So I’m going in today at 3 for an hour massage and adjustment! HORRAY! Plus, getting back into a regular schedule of both will do a world of good towards healing and surviving this! I can’t wait!

P.S. After several hours, a zillion dresses and lots of sweat and frustration, we found the perfect wedding dress for Sister and bridesmaid dresses for me and her three other attendants yesterday! I had so much fun trying on all those fancy dresses and I’m actually looking forward to wearing some sexy heels at the wedding!! ;) The date is set for October 19 and the countdown and mad preparations have already begun! Way to go, Lindsay!

The Story of Nusre McFly (fka Nurse Skippy)

Blogged under Uncategorized by Garnet on Wednesday 30 January 2008 at 1:31 pm

Remember way back when we had that day from hell at the hospital during my second CAKE (click here, here and here for the three-part refresher)?

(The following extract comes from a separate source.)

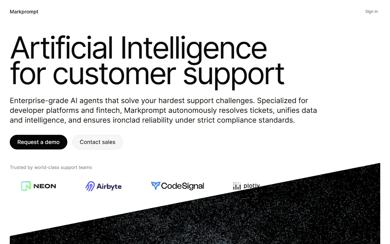 目前提供的官网抓取信息中未显示公开定价。从页面内容看,Markprompt 当前更偏向企业销售模式,主要入口为:
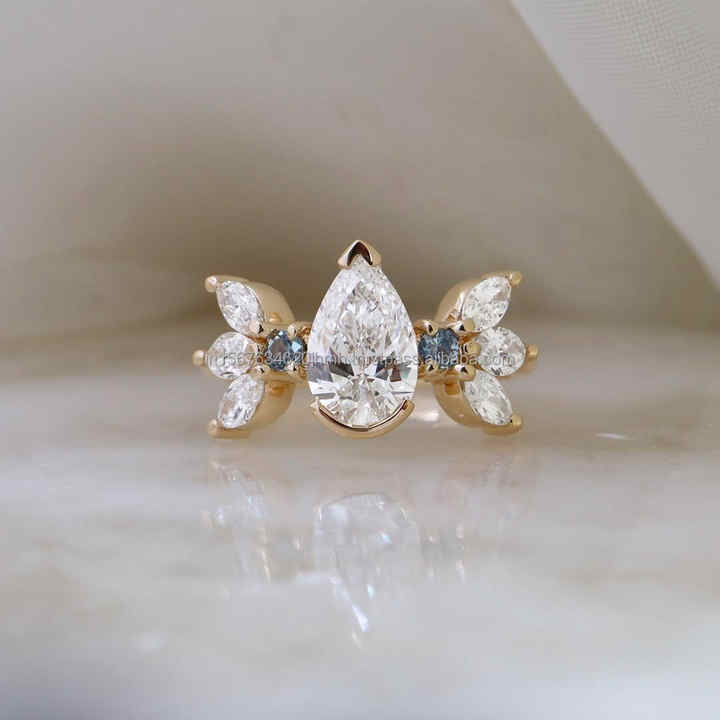 Bague de mariage/fiançailles unisexe en or jaune 14 carats, taille poire, style vintage, certifiée IGI, or blanc fin, idéale pour un anniversaire, faite à la main

And the unhelpful answers (look about halfway down into this post) I got from my doctor’s office a couple days after my first CAKE treatment? Well, we spent a couple of grueling weeks sorting through issues from all that and I thought you might like to hear how it all worked out in the end.

The long and short of it is that our insurance company suddenly got stingy about giving me a particular prescription medication to help keep my post-chemo nausea under control. They wouldn’t authorize more than 9 pills at a time and then when we tried to renew the prescription in preparation for the second CAKE, they claimed it was too soon - that I had to wait a month between refills before getting 9 more measly pills. I’m sorry that my CHEMOTHERAPY for my CANCER doesn’t FIT with your freaking bureaucratic schedule of allowable benefits!!!! Grrrr! Anyway, that was one prescription that I use at home. Then there’s another anti-nausea med that I fill at the hospital and take the morning of CAKE and for three days afterwards. The insurance company got stingy with that one that same day. Somehow, (I don’t know how because I was pretty doped up and sleepy through CAKE that day) Honey worked it out and got medication #2 so that I could actually get CAKE that day and we had to pay out of pocket for just three of the medication #1. Seventeen dollars for THREE PILLS! And then a couple days later, I needed more so we paid another seventeen dollars for three more pills. Sure, they worked on the nausea but they gave me a nasty head and neckache (I have no idea how these drugs work like that!).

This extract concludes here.